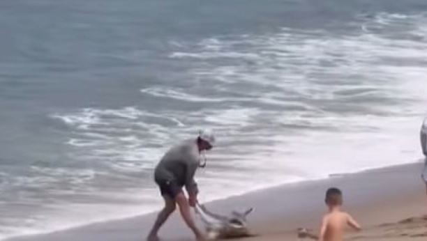 Kamera je zabeležila napeti trenutak – dok je držao ajkulu za rep, okupljeni posetioci plaže, među kojima su bila i deca, pratili su situaciju sa nevericom. U jednom trenutku, ajkula se trzala i zagrizla ribara, a zatim nestala u dubinama.
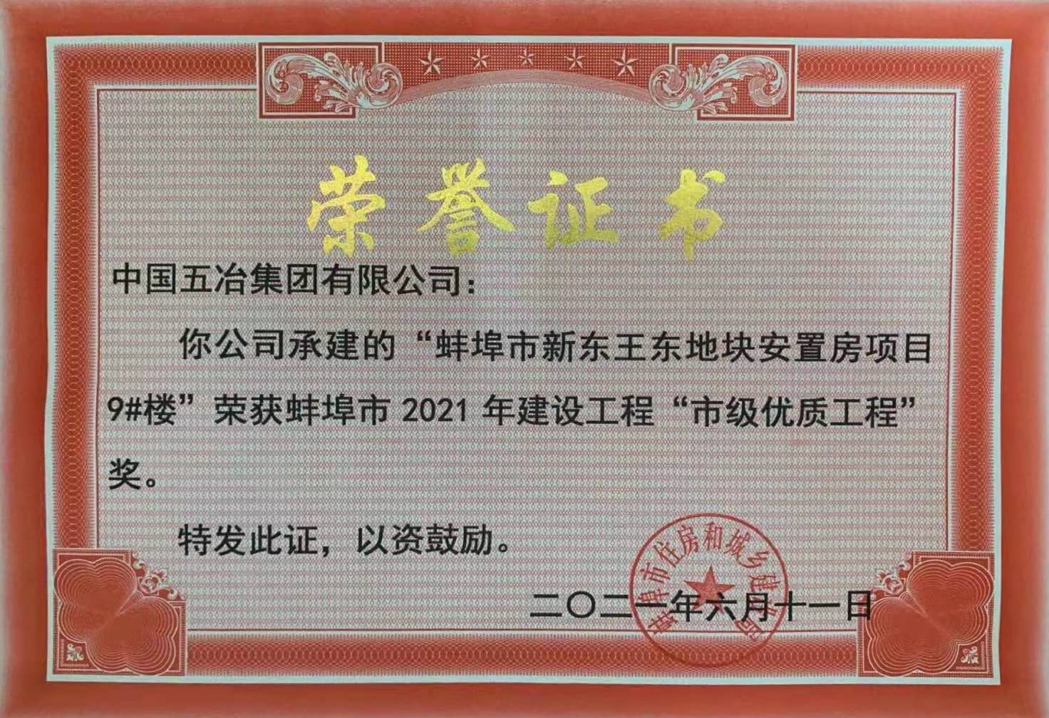 蚌埠市新東王東地塊安置房項目9#樓榮獲蚌埠市2021年建設(shè)工程“市級優(yōu)質(zhì)工程”獎
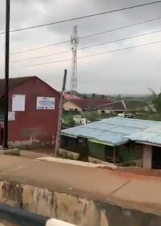 The video, captured from a moving vehicle, shows a somewhat dilapidated street scene, possibly in a developing area
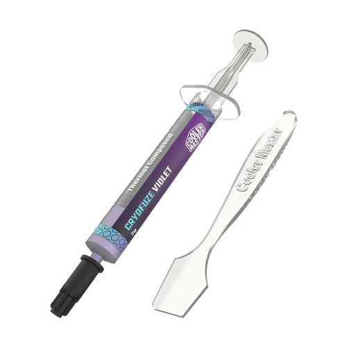 The new Cooler Master CryoFuze Violet Tinted Thermal Paste is a high-performance thermal compound designed to ensure optimal heat transfer between your CPU and cooler. With a thermal conductivity of 12.6 W/m.K, this thermal grease ensures efficient heat dissipation, keeping your system running cool even under heavy loads. The specific gravity of 3.0 at 25°C ensures that the grease remains stable and effective over a wide range of temperatures. The product comes in a 0.7ml volume, providing ample amount for multiple applications. The package includes a scraper for easy and precise application, and a grease cleaner for maintaining cleanliness and performance over time. The Cooler Master CryoFuze Violet Purple Thermal Grease is part of the Thermal Grease series, known for their superior cooling performance. Experience the difference in cooling with the Cooler Master CryoFuze Violet Purple Thermal Grease. Cooler Master CryoFuze Violet Tinted Thermal Paste has no warranty.
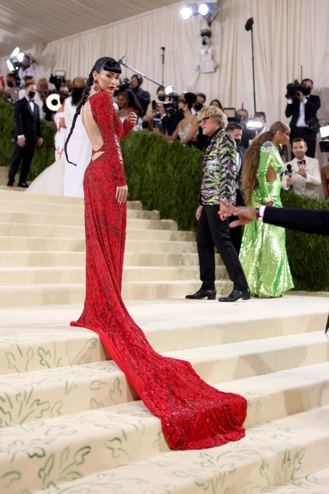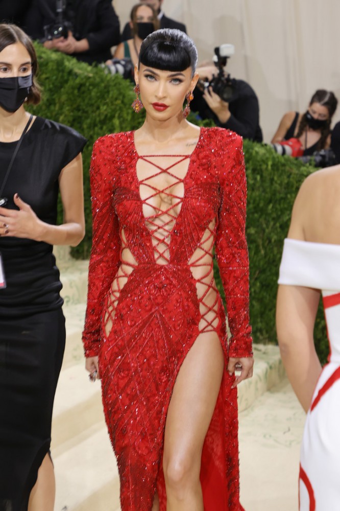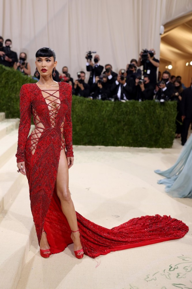 Pe covorul roșu, Fox a pozat într-o luxoasă rochie stacojie Dundas cu un spate deschis spectaculos (și nu numai) și o lungime incredibilă a tivului de câțiva metri. După ce s-a reîncarnat ca Dita von Teese, Megan nu a uitat nici de bretonul, care a fost iconic pentru actriță, care a devenit ultima coardă a imaginii sale uimitoare. A rămas o singură întrebare: "Unde este Machine Gun Kelly?"
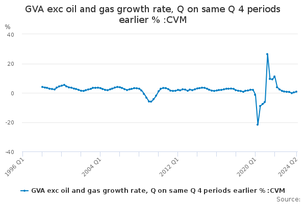 Download this time seriesGVA exc oil and gas growth rate, Q on same Q 4 periods earlier % :CVM
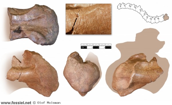 Spinosaurus-achtige dorsale wervel, waarschijnlijk Sigilmassasaurus. Aan de zijkant zijn een serie vraatsporen te zien van onbekende oorsprong.
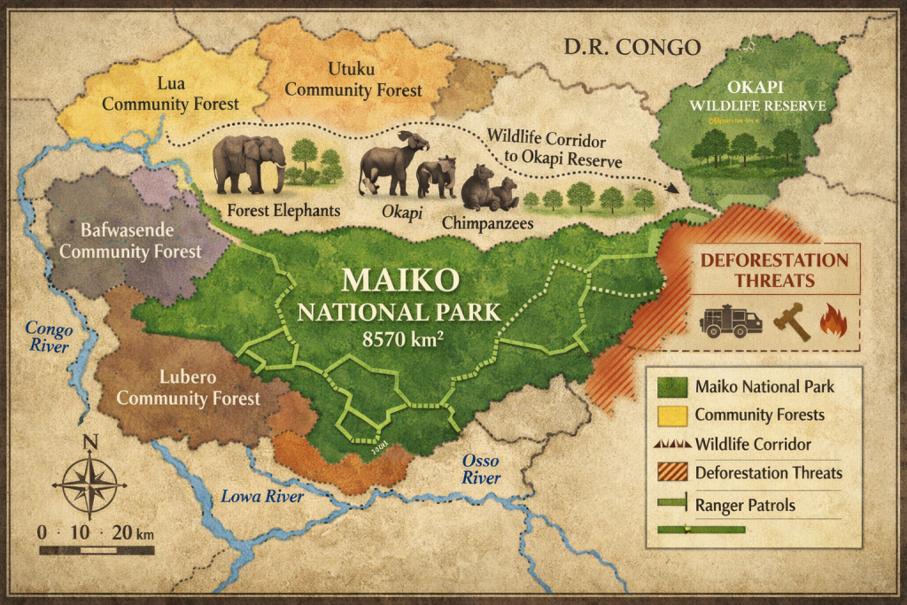 Maiko National Park sits in the central Congo Basin rainforest, straddling three provinces in eastern DRC. The park boundaries extend across Maniema, North Kivu, and South Kivu, positioned between the more accessible Virunga National Park to the east and Okapi Wildlife Reserve to the north.
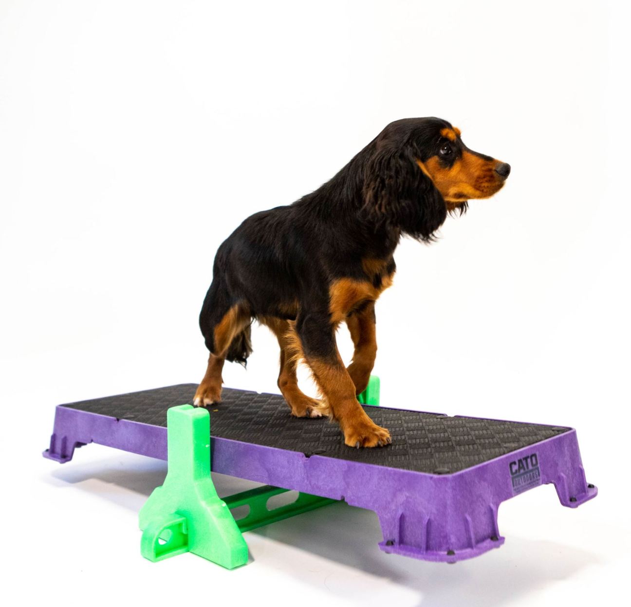 The Cato Tilt Stand can be used to turn the Cato Plank into a multi-height teeter that has settings for 2″, 5″ and 10″. These height gradations mean that even the most timid of dogs can learn to enjoy making the teeter move. The teeter configuration is excellent for transitioning agility training to a full-sized teeter, canine fitness, and puppy proprioceptive development.
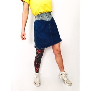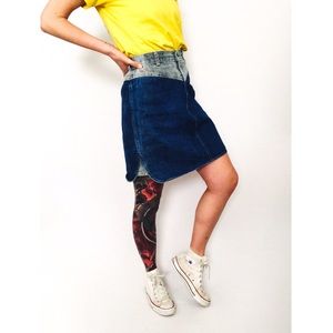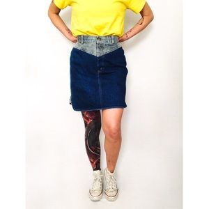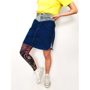 Vintage two-tone stonewashed denim skirt in grey and medium blue hues. Features contrast detail at yoke, above-knee-length, and A-line silhouette. Contrast panels at sides, rounded hem. Button and zipper closure at front, loops for optional belt wear.
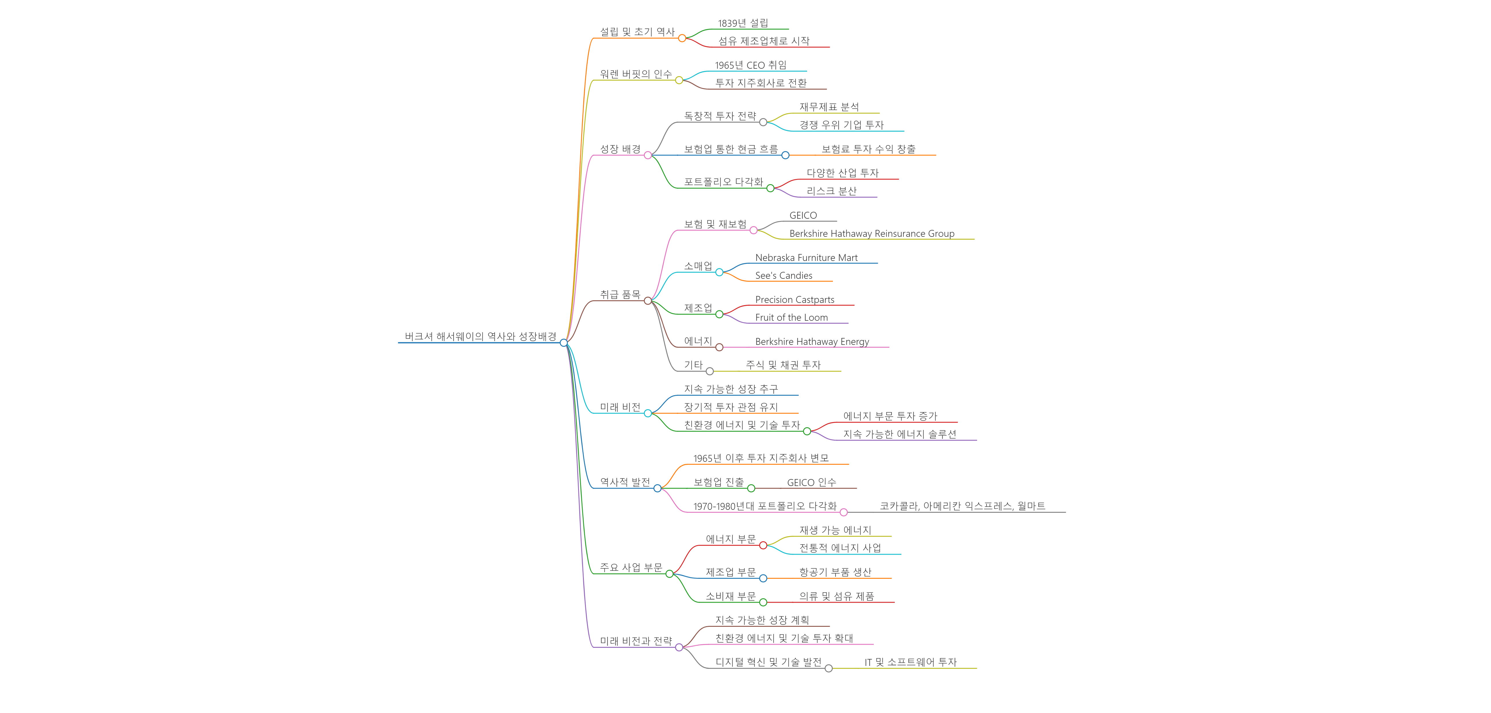 버크셔 해서웨이는 1839년에 설립된 미국의 다국적 지주회사로, 처음에는 섬유 제조업체로 시작했습니다. 설립 초기에는 드레이퍼리 모슬린과 셔츠용 직물 등을 생산하며 성장하였으나, 20세기 중반에 들어서면서 워렌 버핏이 회사를 인수하게 됩니다. 버핏은 회사를 투자 지주회사로 전환시키며, 다양한 산업에 걸쳐 여러 기업을 인수하기 시작했습니다.
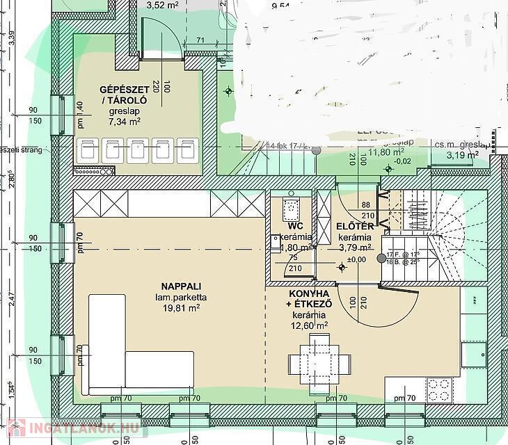 Konyhabútor nem tartozik az ingatlanhoz, egyedi konyhabútorok elkészítését a kivitelező vállalja.
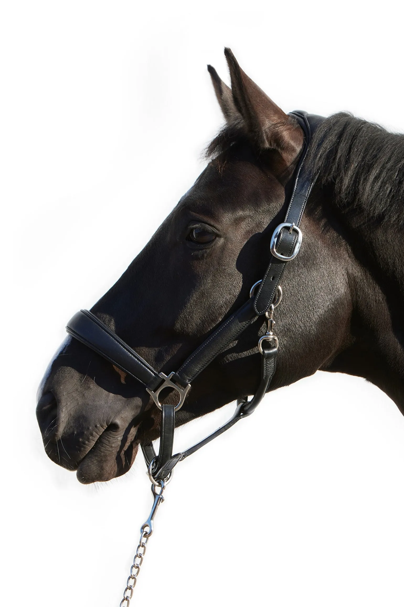 Elegantes Lederhalfter mit anatomisch geformten Genickstück.

> [What you are asked to do]:
The data must come back word for word, with every picture removed.

> [Task result]:
 Kamera je zabeležila napeti trenutak – dok je držao ajkulu za rep, okupljeni posetioci plaže, među kojima su bila i deca, pratili su situaciju sa nevericom. U jednom trenutku, ajkula se trzala i zagrizla ribara, a zatim nestala u dubinama.
 蚌埠市新東王東地塊安置房項目9#樓榮獲蚌埠市2021年建設(shè)工程“市級優(yōu)質(zhì)工程”獎
 The video, captured from a moving vehicle, shows a somewhat dilapidated street scene, possibly in a developing area
 The new Cooler Master CryoFuze Violet Tinted Thermal Paste is a high-performance thermal compound designed to ensure optimal heat transfer between your CPU and cooler. With a thermal conductivity of 12.6 W/m.K, this thermal grease ensures efficient heat dissipation, keeping your system running cool even under heavy loads. The specific gravity of 3.0 at 25°C ensures that the grease remains stable and effective over a wide range of temperatures. The product comes in a 0.7ml volume, providing ample amount for multiple applications. The package includes a scraper for easy and precise application, and a grease cleaner for maintaining cleanliness and performance over time. The Cooler Master CryoFuze Violet Purple Thermal Grease is part of the Thermal Grease series, known for their superior cooling performance. Experience the difference in cooling with the Cooler Master CryoFuze Violet Purple Thermal Grease. Cooler Master CryoFuze Violet Tinted Thermal Paste has no warranty.
 Pe covorul roșu, Fox a pozat într-o luxoasă rochie stacojie Dundas cu un spate deschis spectaculos (și nu numai) și o lungime incredibilă a tivului de câțiva metri. După ce s-a reîncarnat ca Dita von Teese, Megan nu a uitat nici de bretonul, care a fost iconic pentru actriță, care a devenit ultima coardă a imaginii sale uimitoare. A rămas o singură întrebare: "Unde este Machine Gun Kelly?"
 Download this time seriesGVA exc oil and gas growth rate, Q on same Q 4 periods earlier % :CVM
 Spinosaurus-achtige dorsale wervel, waarschijnlijk Sigilmassasaurus. Aan de zijkant zijn een serie vraatsporen te zien van onbekende oorsprong.
 Maiko National Park sits in the central Congo Basin rainforest, straddling three provinces in eastern DRC. The park boundaries extend across Maniema, North Kivu, and South Kivu, positioned between the more accessible Virunga National Park to the east and Okapi Wildlife Reserve to the north.
 The Cato Tilt Stand can be used to turn the Cato Plank into a multi-height teeter that has settings for 2″, 5″ and 10″. These height gradations mean that even the most timid of dogs can learn to enjoy making the teeter move. The teeter configuration is excellent for transitioning agility training to a full-sized teeter, canine fitness, and puppy proprioceptive development.
 Vintage two-tone stonewashed denim skirt in grey and medium blue hues. Features contrast detail at yoke, above-knee-length, and A-line silhouette. Contrast panels at sides, rounded hem. Button and zipper closure at front, loops for optional belt wear.
 버크셔 해서웨이는 1839년에 설립된 미국의 다국적 지주회사로, 처음에는 섬유 제조업체로 시작했습니다. 설립 초기에는 드레이퍼리 모슬린과 셔츠용 직물 등을 생산하며 성장하였으나, 20세기 중반에 들어서면서 워렌 버핏이 회사를 인수하게 됩니다. 버핏은 회사를 투자 지주회사로 전환시키며, 다양한 산업에 걸쳐 여러 기업을 인수하기 시작했습니다.
 Konyhabútor nem tartozik az ingatlanhoz, egyedi konyhabútorok elkészítését a kivitelező vállalja.
 Elegantes Lederhalfter mit anatomisch geformten Genickstück.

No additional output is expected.